Russian businessman faces trial for US hack-and-trade charges


BOSTON—A Russian businessman with ties to the Kremlin made tens of millions of dollars in deals on secret financial information hackers obtained about companies before they were made public, U.S. prosecutors said on Monday. said at the start.

Vladislav Klyushin, 42, and his associates have made about $90 million in trading stock based on as-yet-unreleased information about hundreds of companies stolen by hackers, according to assistant federal prosecutor Stephen Steven.
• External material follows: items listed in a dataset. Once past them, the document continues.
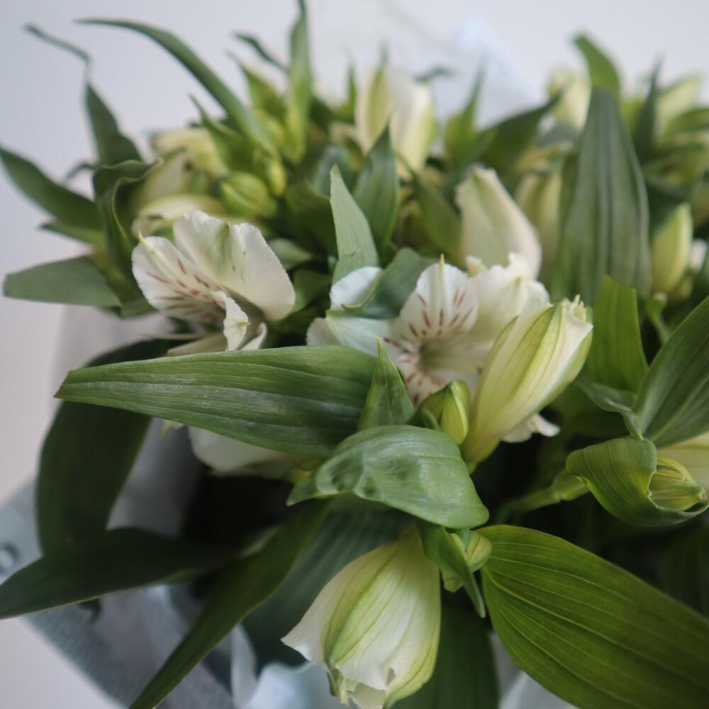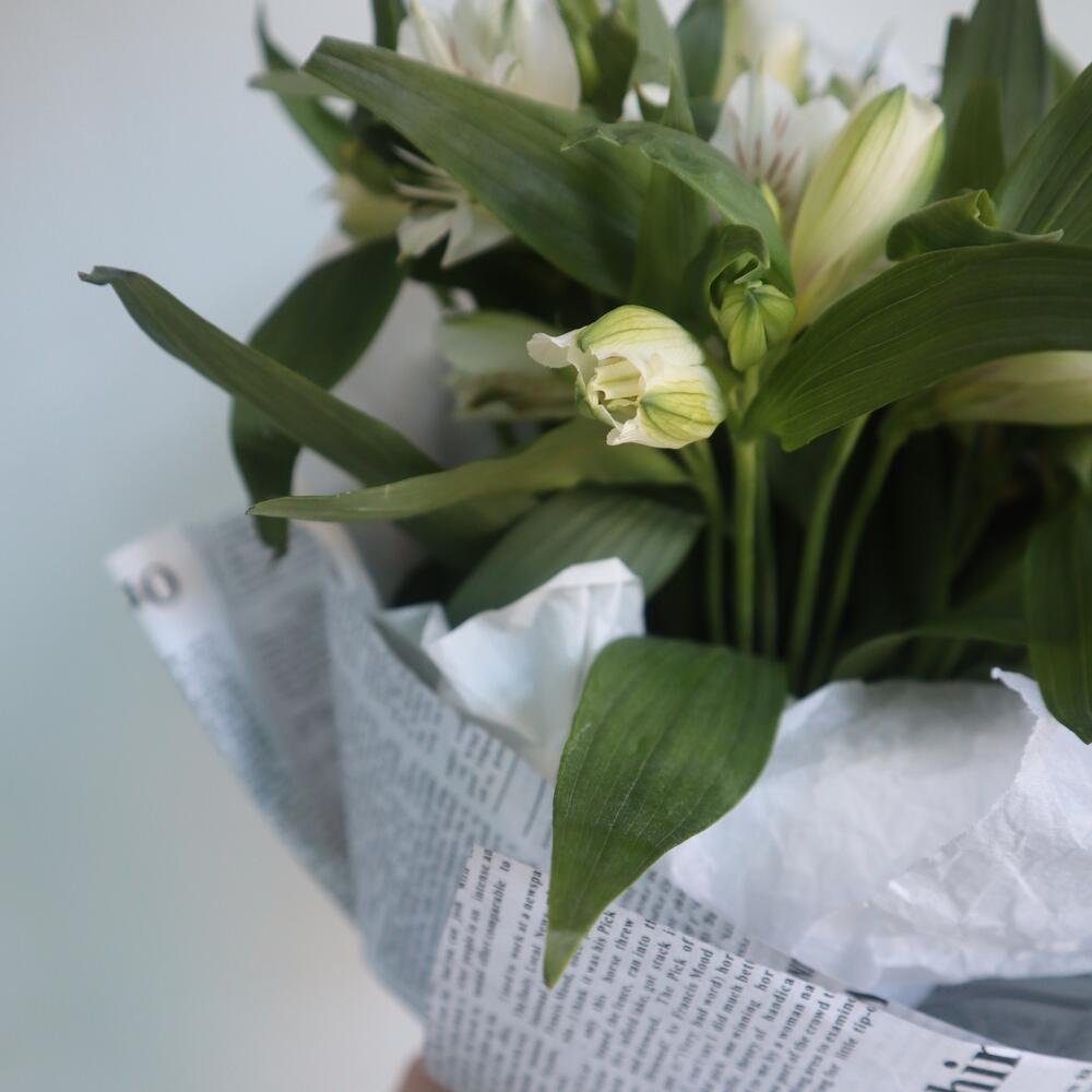 Альстромерия белая – 9 шт.Тишью белое – 2 шт.Крафт газета – 2 шт.Рафия – 1 шт.
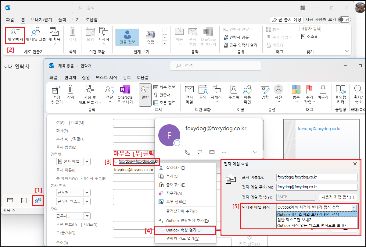 [연락처] ▷ [새 연락처] 또는 [기존 연락처] ▷ [전자 메일 계정] 마우스 우클릭 ▷ Outlook 속성 열기 ▶
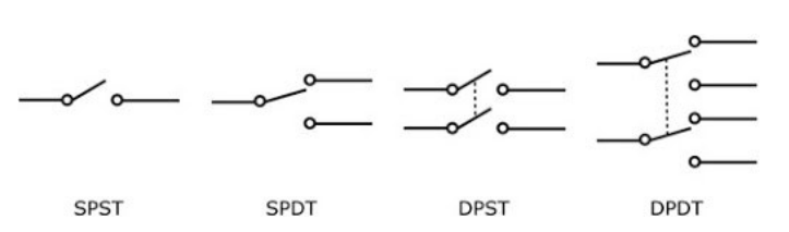 SPST(Single Pole Single Throw), SPDT(Single Pole Double Throw), SP3T(Single Pole Three Throw),
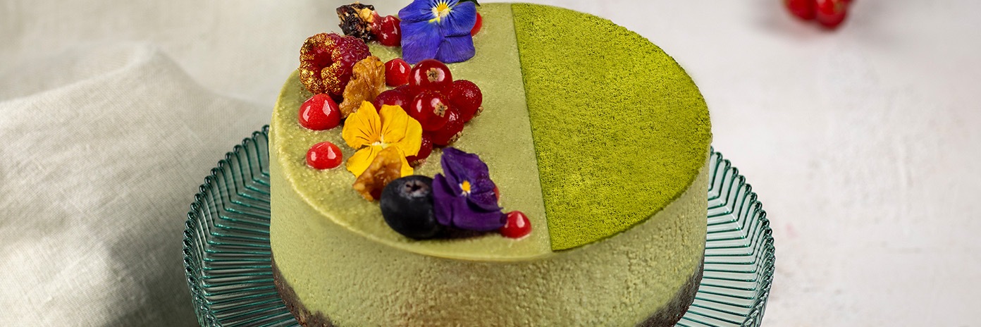 Matcha ve fermente kaju ile hazırlanarak geleneksel kek lezzetine modern bir yorum getirir. Matcha’nın aromatik tadı ve bitkisel içerikler bir araya gelerek hafif, ferahlatıcı ve besleyici bir tatlı alternatifi oluşturur. Menünüze fark katan, yeşil tonlarıyla öne çıkan, pişirme gerektirmeyen bir lezzettir.
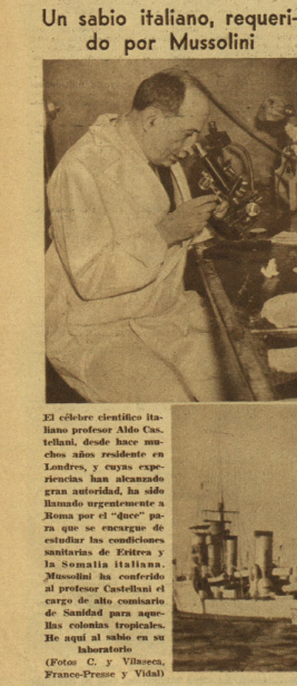 Y Ahora se hacía eco del llamamiento que había hecho #Mussolini al bacteriólogo y gran especialista en #medicinatropical #AldoCastellani para que se hiciese cargo de la organización de las condiciones sanitarias de #Eritrea y la #Somalia italiana en el marco de su imperialista política africana.
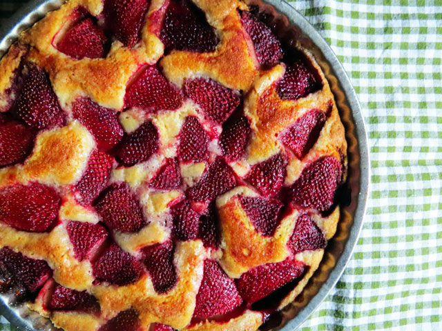 The strawberries at the market this weekend were gorgeous. I initially thought of baking a pie to follow our burgers and ribs – however, being short on time to make and chill pie dough, I decided on a cake instead. This is my go to recipe, besides the strawberries, the ingredients here are simple pantry staples. Quick to mix, the results are heavenly – the strawberries get all jammy and the texture of the cake is light. This is sure to be your heavy in rotation summer cake!
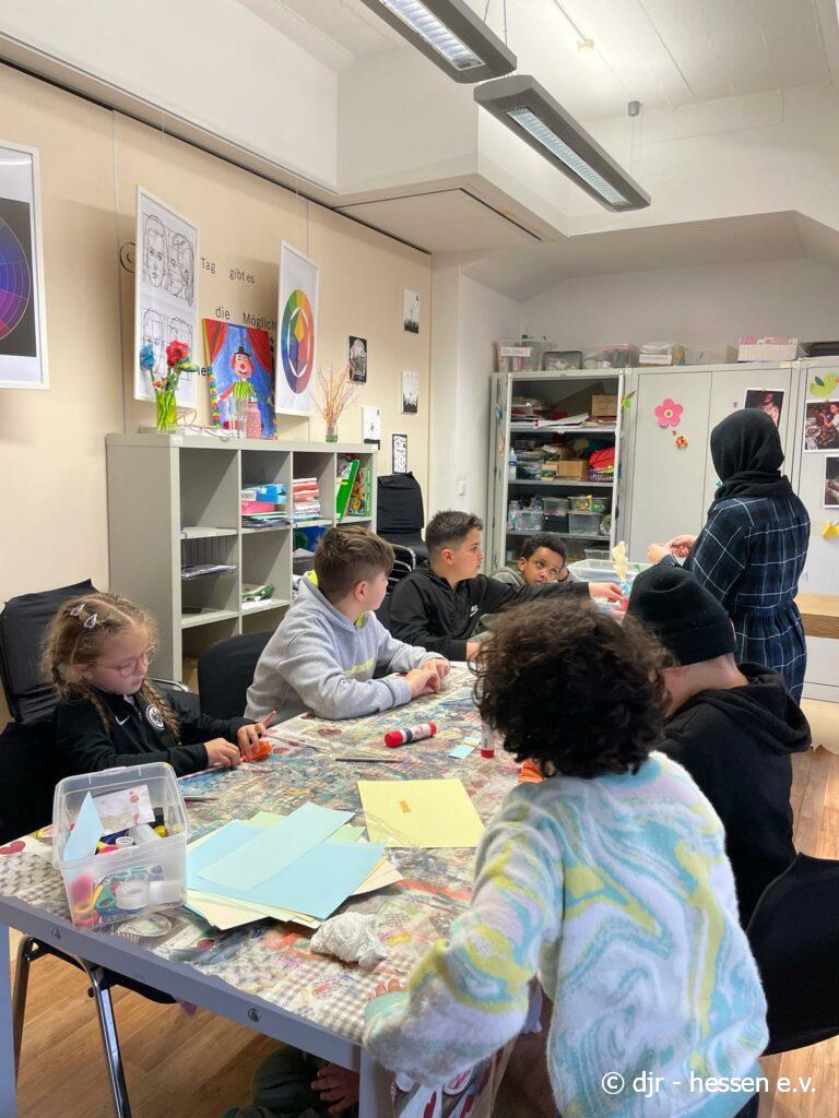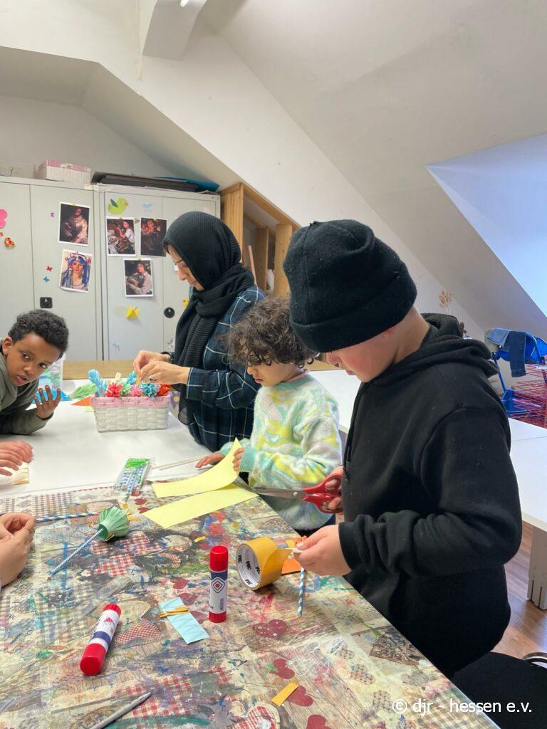Die Kinder basteln für den 8. März Blumen, die sie am Frauentag an Frauen aus der Nachbarschaft verteilen. So können sie ihren Mitmenschen eine Freude bereiten.
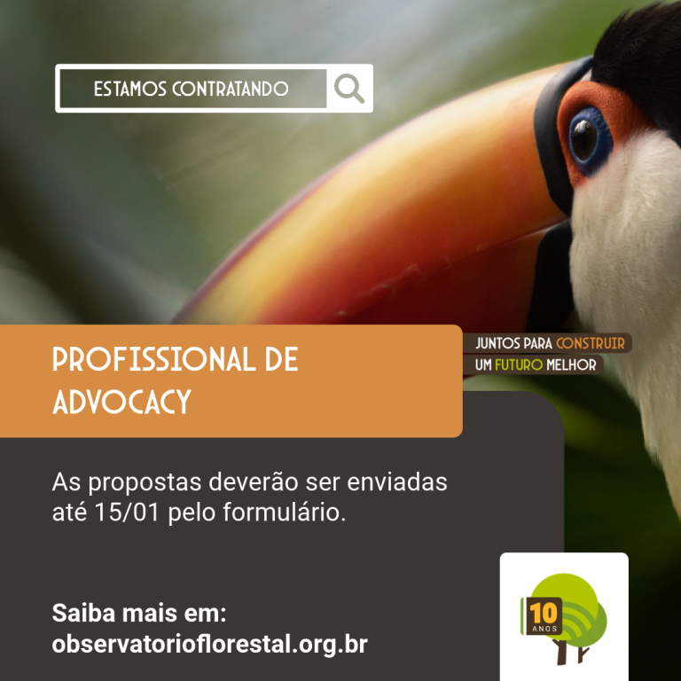 O Observatório do Código Florestal (OCF) e a Amigos da Terra – Amazônia Brasileira estão em busca de um profissional de Advocacy para apoio na execução de atividades do projeto ‘Coordenação política e advocacy para o alcance das metas de agenda climática e da proteção florestal’.
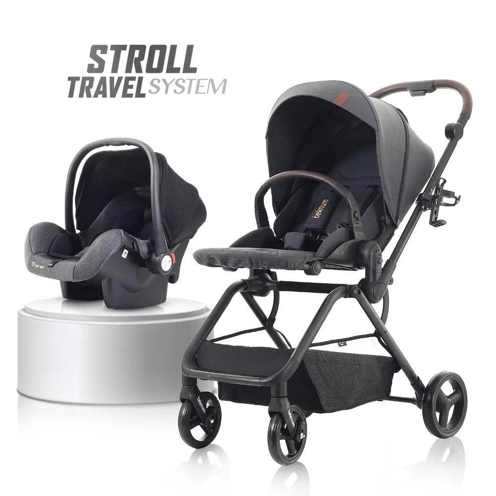 Teknum STROLL-1 Travel System with Reversible Stroller and Baby Car Seat - Grey
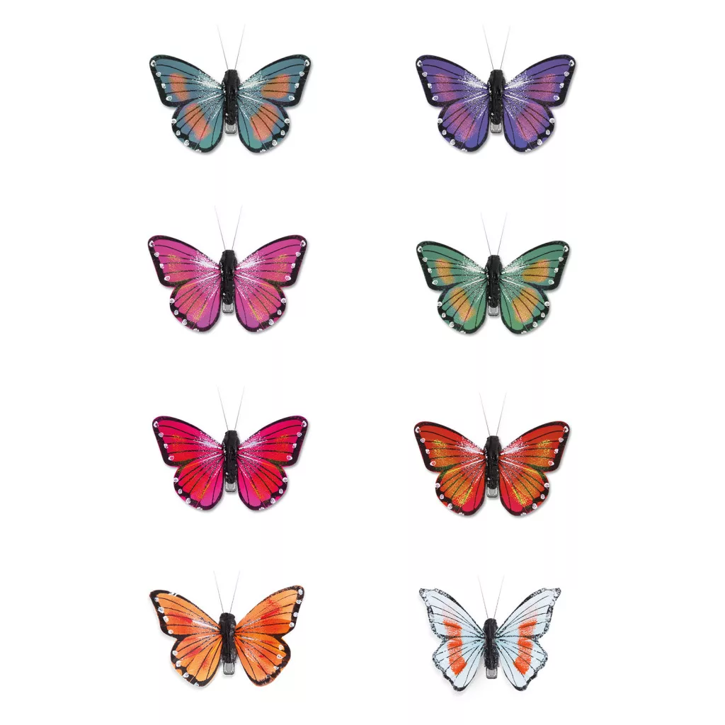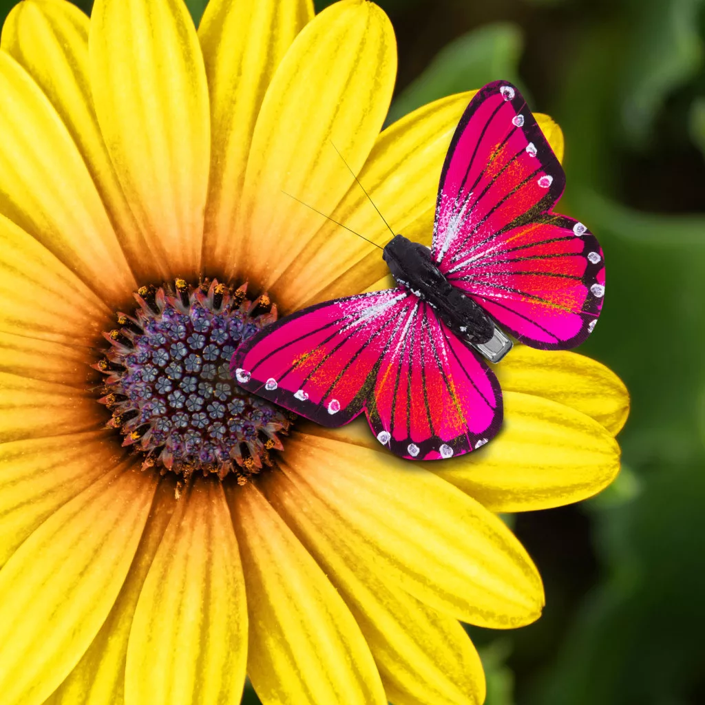 A "tökéletes kert" a részletekben rejlik! Dekorálja kertjét ezekkel a vidám, színes pillangókkal. Csodálatos kiegészítője lehet virágoskerteknek. A pillangók csipesz segítségével bárhová egyszerűen rögzíthetőek.
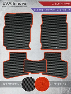 Коврики ЭВА Киа Сид рестайл 2009-2012 черные красный кант
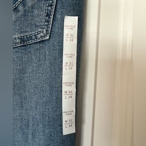 Stylish women's flared denim jeans featuring unique patterned insets. Perfect for a chic, casual look.
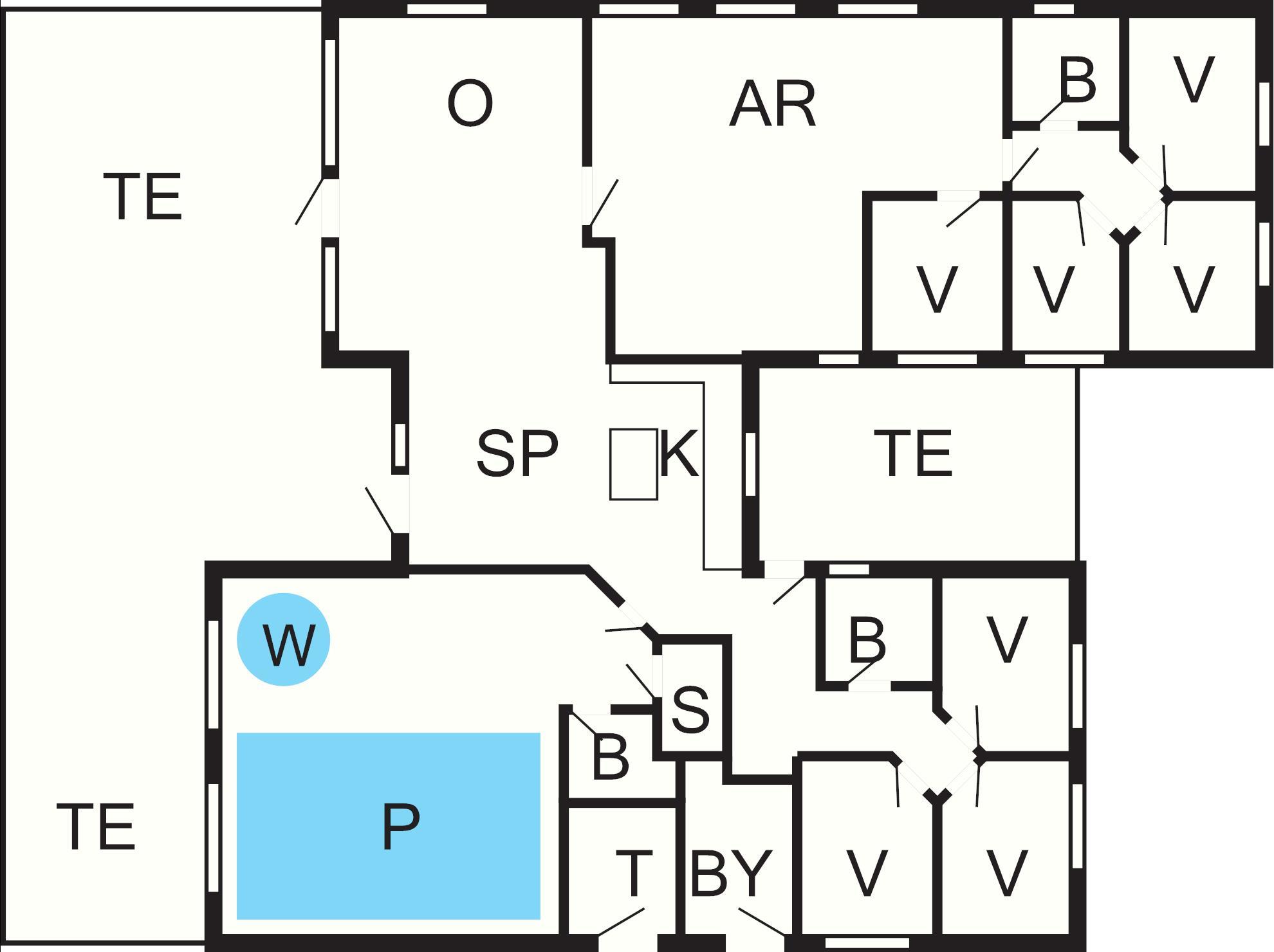 7 Soveværelser: (1DS)+(1DS)+(2S)+(2S)+(2S)+(2S)+(2S)
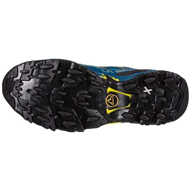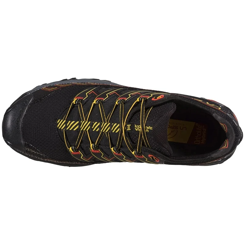 The La Sportiva Ultra Raptor II’s upper uses highly breathable air-mesh fabric and is assembled by integrating a shock-absorbing Endurance Platform in soft EVA with differentiated thickness (greater at the toe, lower at the heel) for excellent impact absorption in any situation and reduction of the ramp -angle. The rear stabilizing heel allows perfect control on traverses. The lacing system is integrated with the upper by means of loops sewn on the internal elastic fabric and with high-frequency reinforcements on the external mesh: this system allows you to distribute the tension of the lacing over the entire upper and wrap the foot in the best possible way for a perfect wearing comfort. Ortholite® Hybrid laces and footbed are also made from recycled materials.

Stephen Frank told a federal jury in Boston.

Klyushin, whose Moscow-based tech company M-13 worked for Vladimir Putin’s government in Russia, personally turned his $2 million investment into $21 million and recruited other investors to join the scheme. said Frank.

“The defendant had tomorrow’s news, tomorrow’s headlines, today,” Frank said in his opening statement.

However, defense attorney Maksim Nemtsev said that Kryushin had no reason to cheat after he had already achieved financial success through his business, and that the prosecution’s case was based on “big holes and reasoning.” countered.

“It’s not illegal to be Russian, to have wealth, to have an IT technology company that has a contract with the government,” Nemtsev told the jury.

Vladislav Kryushin
Vladislav Klyushin, owner of an information technology company with ties to the Russian government, is pictured in an undated photo attached to a US Department of Justice filing. (Document handed out by U.S. Department of Justice/Reuters)

The three-week trial comes at a time when US-Russia relations reached a low point after Moscow invaded Ukraine last February. And although the lawsuit against Klyushin predates the war, his connection with the Kremlin has long piqued the interest of US officials.

Klyushin was arrested in Switzerland during a ski trip in March 2021 and subsequently extradited. He has pleaded not guilty to charges of conspiracy, wire fraud, computer unauthorized access, and securities fraud.

Prosecutors have accused Kryushin’s company, M-13, of a former Russian wanted by the U.S. government for alleged involvement in a hacking plot aimed at interfering in the 2016 U.S. presidential election. He said he hired a military intelligence officer.

During Monday’s trial, Frank said hacker Ivan Ermakov and others compromised the networks of Donnelly Financial Solutions and Toppan Merrill, two companies that help listed companies file reports with securities regulators. said.

Between 2018 and 2020, hackers viewed and downloaded unpublished earnings reports from hundreds of companies, including Tesla, Microsoft and Coles, Frank said. Klyushin and others were trading with these companies before the news was made public, the people said.

“It wasn’t a stroke of luck or careful financial research,” Frank said. “The defendant was deceived.”